This work is copyright by the author and commercial use is prohibited without permission.  Personal/private copies are permitted only if complete including the copyright notice.

The author would appreciate your comments – pro and con, including constructive criticism, and suggestions.


Escape

By

YLeeCoyote@juno.com

I did not know where I was.  I could tell it was some sort of waiting room for creatures were coming and going constantly.  I saw new arrivals come in, sit and wait – just as I had done.  Others would suddenly get up and leave using the portals indicated by a blinking light.  Strangely, I did not hear any calls yet it all appeared most orderly.  Although everyone was comfortable breathing the same air and being at the same temperature, it was obvious that not everyone was human.  As everyone was naked (or should that be nude?) there was a far greater variety in bodies than in the sci-fi shows I had seen on the screen.  My sense of time was certainly off and I didn't feel any need to eat or eliminate.  The silence was most weird for everyone was mute.

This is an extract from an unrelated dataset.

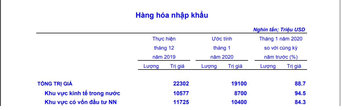 Kim ngạch hàng hóa nhập khẩu tháng 1/2020 ước tính đạt 19,1 tỷ USD, giảm 14,4% so với tháng trước, trong đó khu vực kinh tế trong nước đạt 8,7 tỷ USD, giảm 17,7%; khu vực có vốn đầu tư nước ngoài đạt 10,4 tỷ USD, giảm 11,3%.

I did not understand what was going on.  I was, however, extremely self-aware and could remember in fine detail my past – even back to when I was an infant and before I had words.  I reviewed most of my memories.  Prior to this place, there had been a period of absolute blackness of some indeterminate duration.  Immediately before that there had been a supernova (for the lack of a better word) in my head and a great pain in my neck.  I did not have to perform any tests to know that my neck was functioning normally now since I had been looking about and there had not been any pain.

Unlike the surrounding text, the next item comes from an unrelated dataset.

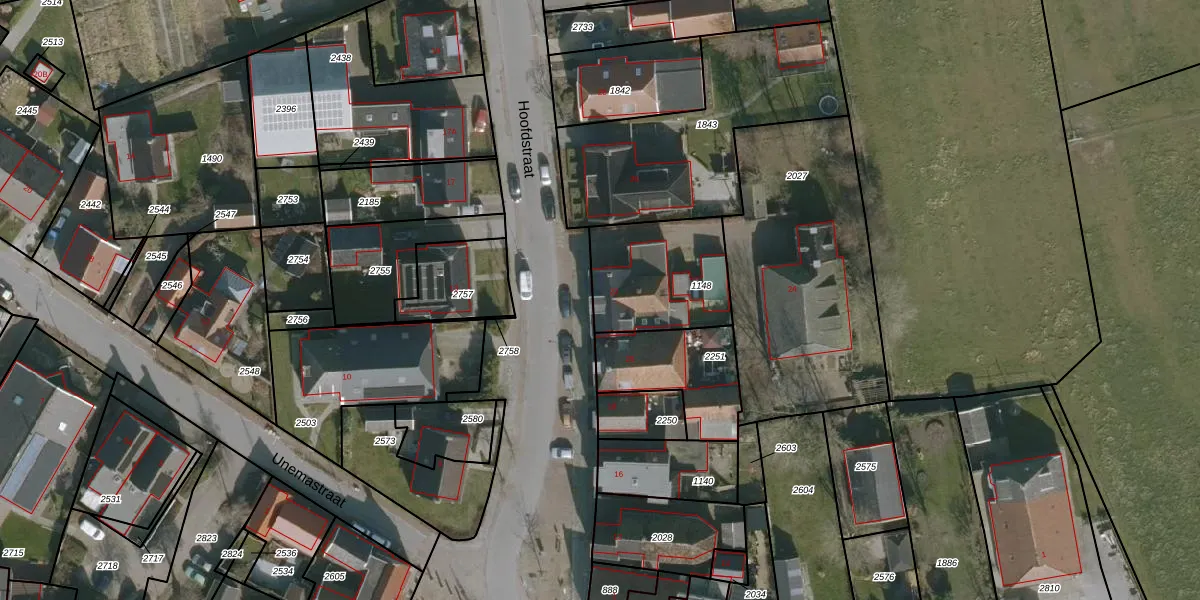 Gebruik de zoekbalk of klik op een perceel voor informatie over de adressen binnen dit perceel.

I reviewed my past.  There were happy times that I felt good about.  There were painful times also.  Strangely the pain of some of them seemed less intense than I thought they should have been compared to the pleasure of the happy times.  Certainly, that was still another puzzlement.  I was reviewing my most recent past – at least that which I could recall.  The unhappy times greatly outnumbered the good times and gradually I was recalling the period leading up to the supernova occurrence.  I wondered why my body remained calm as I had these most unpleasant and emotional thoughts.  I hid my face in my hands as my most recent memories coalesced in my consciousness to close the gap.  Sunday had been my fourteenth birthday party.  I had my friends over – all two of them – and Milton, my eleven-year-old brother, was also there.  My parents – my uncaring mother and my cruel stepfather – had come downstairs with my so-called present.

"Here, for the big baby – a package of diapers." sneered my stepfather.  It was nasty but as my friends knew that I needed diapers, and did not care, it did not really matter.  "And starting Tuesday, when you turn fourteen, Milton will be in charge and shall spank you whenever you wet or disobey.  Diapers are for babies!"

I knew that was coming but just then I wet my diaper and my stepfather noticed.  He did not waste any time but immediately grabbed me, pulled down my pants, yanked down my diaper, flipped me over his lap and spanked me long and hard.  He spanked me so long and hard that I cried like a baby.© YLeeCoyote

"I'll break you of this wish to wear diapers, boy, if it's the last thing I do." he said as he pushed me off his lap and left.  My friends helped me to put on a fresh diaper and pull up my pants while my brother watched.  I did not even get any birthday wishes from my parents.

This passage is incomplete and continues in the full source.